■ **What to produce**: Without the pictures, reproduce the entries below exactly.

Collected data entries
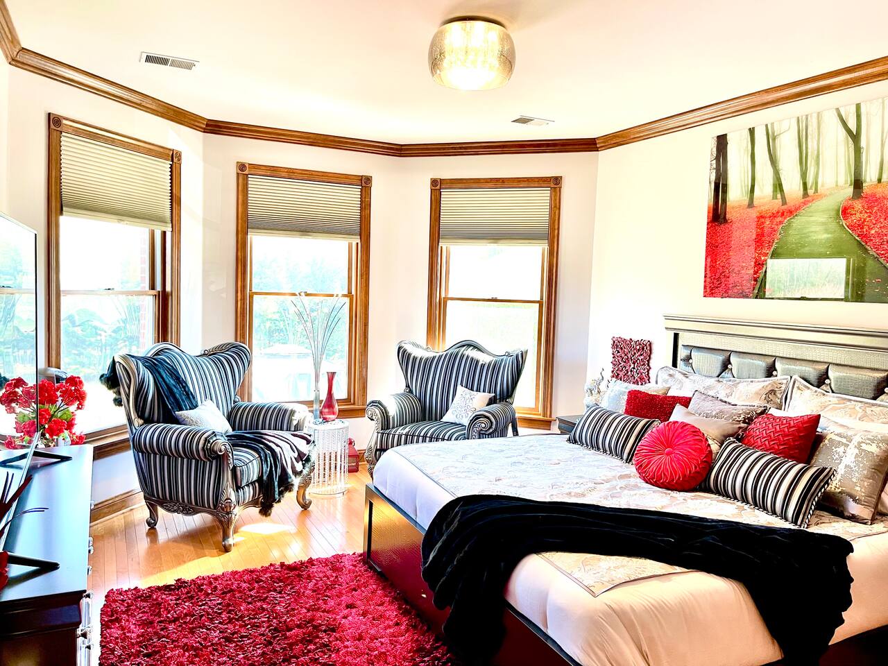This unique farmstay on a 20-acre working farm features use of an all brick Victorian-style home that includes five bedrooms and three bathrooms that accommodate several guests comfortably with a great deal of privacy. Guests will share the 20-acre farm resort grounds with other visitors and staff but will have exclusive use of the home, pool, and patio are included with this booking. If you are interested in exclusive use of the entire resort, please inquire. All beds are king or queen beds. Enjoy modern amenities including TV, wifi and ethernet internet, a business center. There is a dining room with a huge table that seats 14 people. The home boasts a modern chic feel contrasted with a rustic flavor that makes for a very unique interior design experience. You’ll easily forget you are staying on a farm because we spared no expense in making the decor very interesting. We have a salt water inground pool and attached whirlpool open 24/7 from mid-May to September (weather permitting). The pool area features two large cabanas with mosquito nets, furnishing, and privacy curtains. The pool area has plenty of lounge chairs and pool toys. Don’t be surprised if an alpaca walks up to the pool fence to check on you. We designed our pasture area to circle the home so that guests can enjoy views of them through the windows. It’s pure bliss seeing them. The home is wonderful but it is actually the least awesome feature of our farmstay resort. What everyone loves most about this farm are the animals, outdoor area, and the rural peaceful vibe. Locals and tourists alike adore this property as it has such a unique and beautiful layout. The visual beauty of the property is not where the experience ends. Wait until you meet our herd of alpacas, mini-cow, mini-donkeys, emus, bunnies, exotic breed chickens, ducks, geese, wild birds, and a livestock guardian dog. Animal lovers won’t want to leave. You can book a formal farm tour to hear the story of how Charity’s Hope Family Farm came to be. Every animal has a story as most of them were rescues. Our family has a story. This area is rich in history. More importantly, the area has a bright future as new people discover the joys of new-age farming and welcome the much-needed innovation in the agricultural industry called agritourism. Book this home to create lasting memories with your friends, family, colleagues, or organization. You won’t regret it. Please note: We have an attached staff area that is off limits to guests for storage and laundry. Staff do not live onsite and never enter the home during guests’ reservations unless guests need assistance.
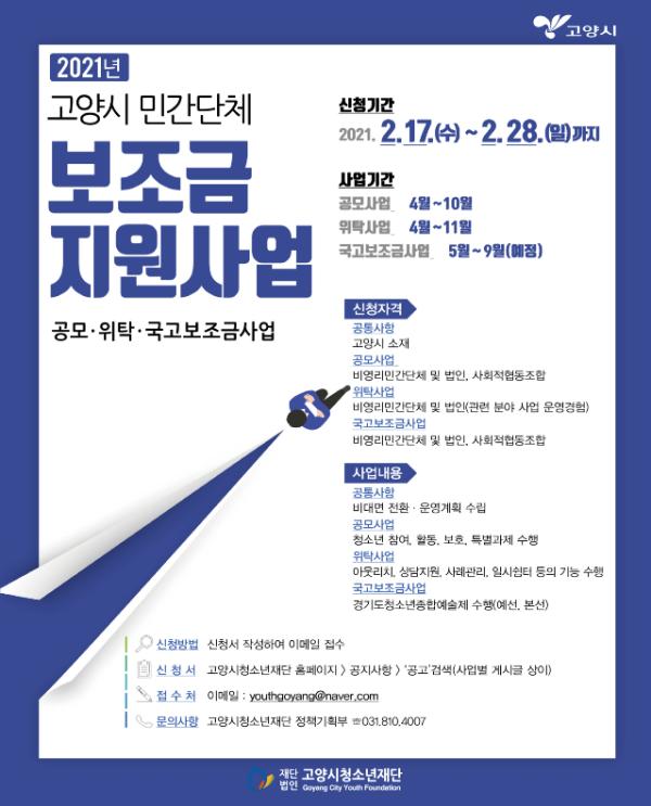 고양시청소년재단(이사장 이재준)이 고양시 관내 민간단체를 지원하여 다채로운 청소년 활동을 지역사회에 보급하고자 '2021년 고양시 민간단체 보조금 지원사업’을 참여 단체 공모에 나섰다.
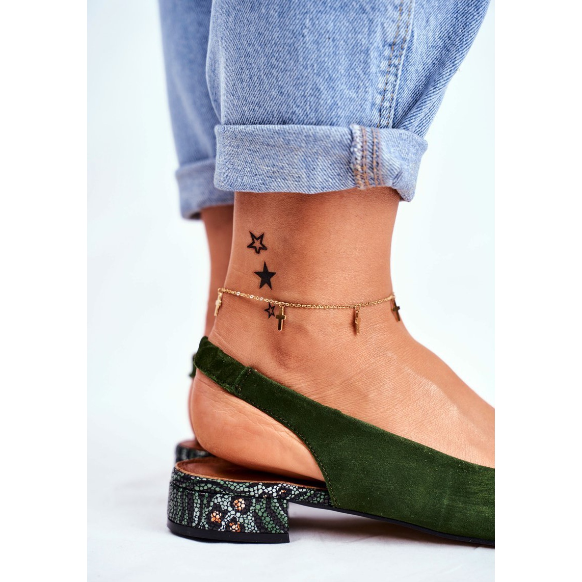 Grâce à la semelle intérieure en cuir, les escarpins offrent un confort tout au long de la journée et leur construction légère les rend presque imperceptibles sur les pieds. Un talon plat de 3 cm de haut joliment décoré leur ajoute un charme caractéristique, les rendant parfaits aussi bien pour un usage quotidien que pour des occasions plus formelles.
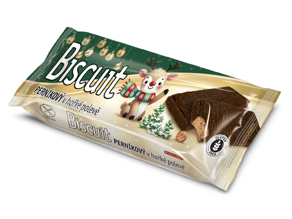 Složení: hořká poleva 67% (cukr, plně ztužený rostlinný tuk RSPO-MB (palmojádrový), kakaový prášek se sníženým obsahem tuku (16%), emulgátory (sójový lecitin, polyglycerol-polyricin-oleát), aroma), extrudovaný křupavý chléb 33% (rýžová mouka, kukuřičná drť, hrachová mouka (žlutý hrách), karob, třtinový cukr, perníkové koření 1%, sůl).
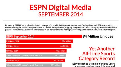 With a seamless, multi-platform experience, ESPN reaches millions of viewers and fans on their mobile devices every day. September marked new digital milestones for the network as it reached a record-setting 94 million unique visitors in the U.S. alone. In looking at last year’s totals, that’s a 29 percent increase.
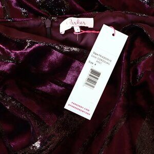 Parker Selma Velvet Metallic Burgundy Asymmetric Midi Slip Dress New NWT 4 8
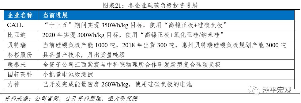碳负极有望成为下一代负极材料。商用化石墨负极实际容量已接近理论值372mAh/g,提升空间有限,急需寻找新的替代材料。Si单质由于充电过程中体积膨胀大(接近300%,石墨10%),首次充电效率低、材料加工成本高、导电率差等缺点,无法单独作为负极,但是其超高的理论容量(4200mAh/g)可成为理想的添加剂,碳负极中加入少量Si(5-10%)可显著提升容量,硅碳负极有望成为下一代负极材料,各企业纷纷布局。国外松下硅碳负极技术领先,在2013年即实现量产(NCR18650),特斯拉Model 3用动力电池即采用硅碳负极。
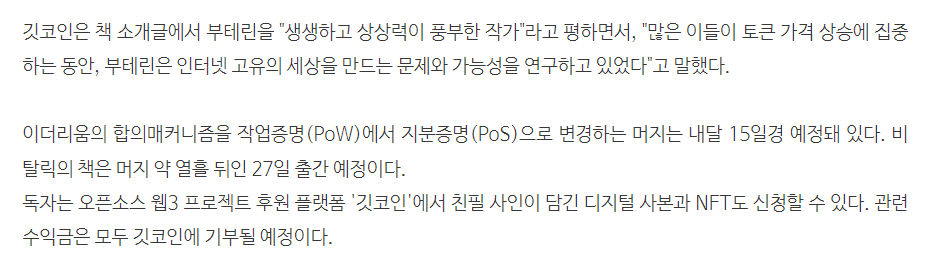 이더리움이 대형 업그레이드 '머지(Merge)'를 앞둔 가운데, 공동 창시자 비탈릭 부테린이 『지...
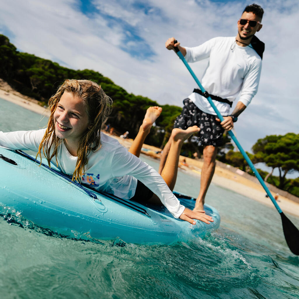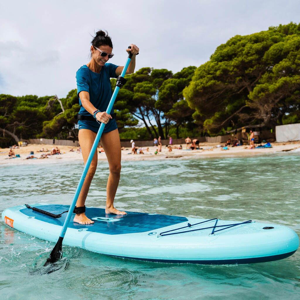 The paddle can be adjusted to about 10-15 cm above your waist: remember feeling comfortable is the priority
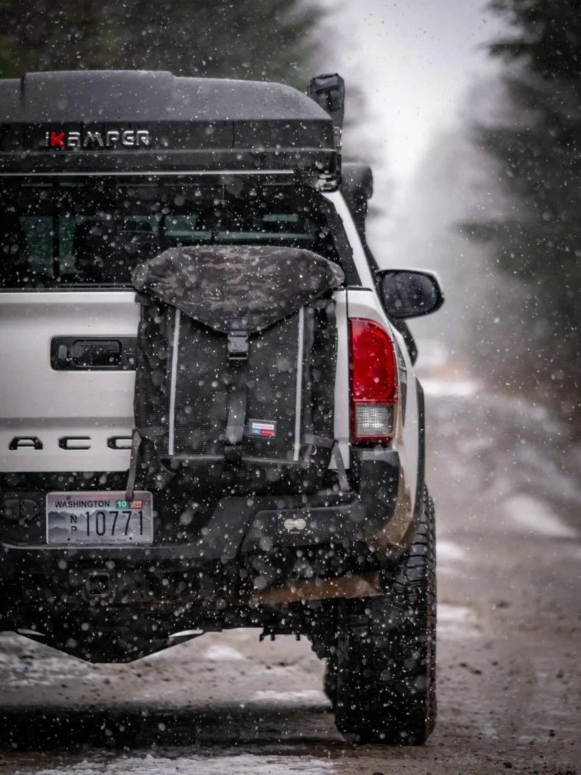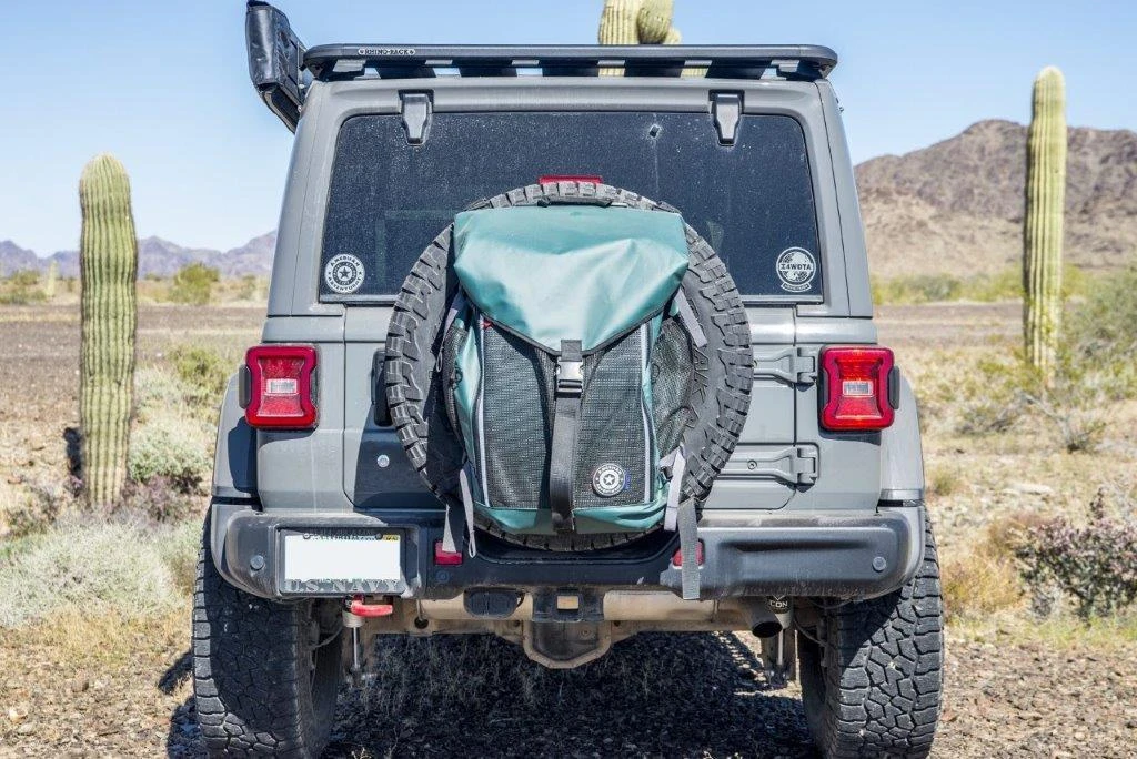 Oscar’s Mobile Hideout is our solution to an all-purpose spare tire/ladder/rack attached utility bag for anything you need on the trail – trash holder, firewood hauler, recovery gear, tool collection, storage, etc. Made of 18oz. poly reinforced vinyl that resists fading and is chemically resistant, as well as highly durable. Get it dirty, hose it out.

■ **Exercise response**:
This unique farmstay on a 20-acre working farm features use of an all brick Victorian-style home that includes five bedrooms and three bathrooms that accommodate several guests comfortably with a great deal of privacy. Guests will share the 20-acre farm resort grounds with other visitors and staff but will have exclusive use of the home, pool, and patio are included with this booking. If you are interested in exclusive use of the entire resort, please inquire. All beds are king or queen beds. Enjoy modern amenities including TV, wifi and ethernet internet, a business center. There is a dining room with a huge table that seats 14 people. The home boasts a modern chic feel contrasted with a rustic flavor that makes for a very unique interior design experience. You’ll easily forget you are staying on a farm because we spared no expense in making the decor very interesting. We have a salt water inground pool and attached whirlpool open 24/7 from mid-May to September (weather permitting). The pool area features two large cabanas with mosquito nets, furnishing, and privacy curtains. The pool area has plenty of lounge chairs and pool toys. Don’t be surprised if an alpaca walks up to the pool fence to check on you. We designed our pasture area to circle the home so that guests can enjoy views of them through the windows. It’s pure bliss seeing them. The home is wonderful but it is actually the least awesome feature of our farmstay resort. What everyone loves most about this farm are the animals, outdoor area, and the rural peaceful vibe. Locals and tourists alike adore this property as it has such a unique and beautiful layout. The visual beauty of the property is not where the experience ends. Wait until you meet our herd of alpacas, mini-cow, mini-donkeys, emus, bunnies, exotic breed chickens, ducks, geese, wild birds, and a livestock guardian dog. Animal lovers won’t want to leave. You can book a formal farm tour to hear the story of how Charity’s Hope Family Farm came to be. Every animal has a story as most of them were rescues. Our family has a story. This area is rich in history. More importantly, the area has a bright future as new people discover the joys of new-age farming and welcome the much-needed innovation in the agricultural industry called agritourism. Book this home to create lasting memories with your friends, family, colleagues, or organization. You won’t regret it. Please note: We have an attached staff area that is off limits to guests for storage and laundry. Staff do not live onsite and never enter the home during guests’ reservations unless guests need assistance.
 고양시청소년재단(이사장 이재준)이 고양시 관내 민간단체를 지원하여 다채로운 청소년 활동을 지역사회에 보급하고자 '2021년 고양시 민간단체 보조금 지원사업’을 참여 단체 공모에 나섰다.
 Grâce à la semelle intérieure en cuir, les escarpins offrent un confort tout au long de la journée et leur construction légère les rend presque imperceptibles sur les pieds. Un talon plat de 3 cm de haut joliment décoré leur ajoute un charme caractéristique, les rendant parfaits aussi bien pour un usage quotidien que pour des occasions plus formelles.
 Složení: hořká poleva 67% (cukr, plně ztužený rostlinný tuk RSPO-MB (palmojádrový), kakaový prášek se sníženým obsahem tuku (16%), emulgátory (sójový lecitin, polyglycerol-polyricin-oleát), aroma), extrudovaný křupavý chléb 33% (rýžová mouka, kukuřičná drť, hrachová mouka (žlutý hrách), karob, třtinový cukr, perníkové koření 1%, sůl).
 With a seamless, multi-platform experience, ESPN reaches millions of viewers and fans on their mobile devices every day. September marked new digital milestones for the network as it reached a record-setting 94 million unique visitors in the U.S. alone. In looking at last year’s totals, that’s a 29 percent increase.
 Parker Selma Velvet Metallic Burgundy Asymmetric Midi Slip Dress New NWT 4 8
碳负极有望成为下一代负极材料。商用化石墨负极实际容量已接近理论值372mAh/g,提升空间有限,急需寻找新的替代材料。Si单质由于充电过程中体积膨胀大(接近300%,石墨10%),首次充电效率低、材料加工成本高、导电率差等缺点,无法单独作为负极,但是其超高的理论容量(4200mAh/g)可成为理想的添加剂,碳负极中加入少量Si(5-10%)可显著提升容量,硅碳负极有望成为下一代负极材料,各企业纷纷布局。国外松下硅碳负极技术领先,在2013年即实现量产(NCR18650),特斯拉Model 3用动力电池即采用硅碳负极。
 이더리움이 대형 업그레이드 '머지(Merge)'를 앞둔 가운데, 공동 창시자 비탈릭 부테린이 『지...
 The paddle can be adjusted to about 10-15 cm above your waist: remember feeling comfortable is the priority
 Oscar’s Mobile Hideout is our solution to an all-purpose spare tire/ladder/rack attached utility bag for anything you need on the trail – trash holder, firewood hauler, recovery gear, tool collection, storage, etc. Made of 18oz. poly reinforced vinyl that resists fading and is chemically resistant, as well as highly durable. Get it dirty, hose it out.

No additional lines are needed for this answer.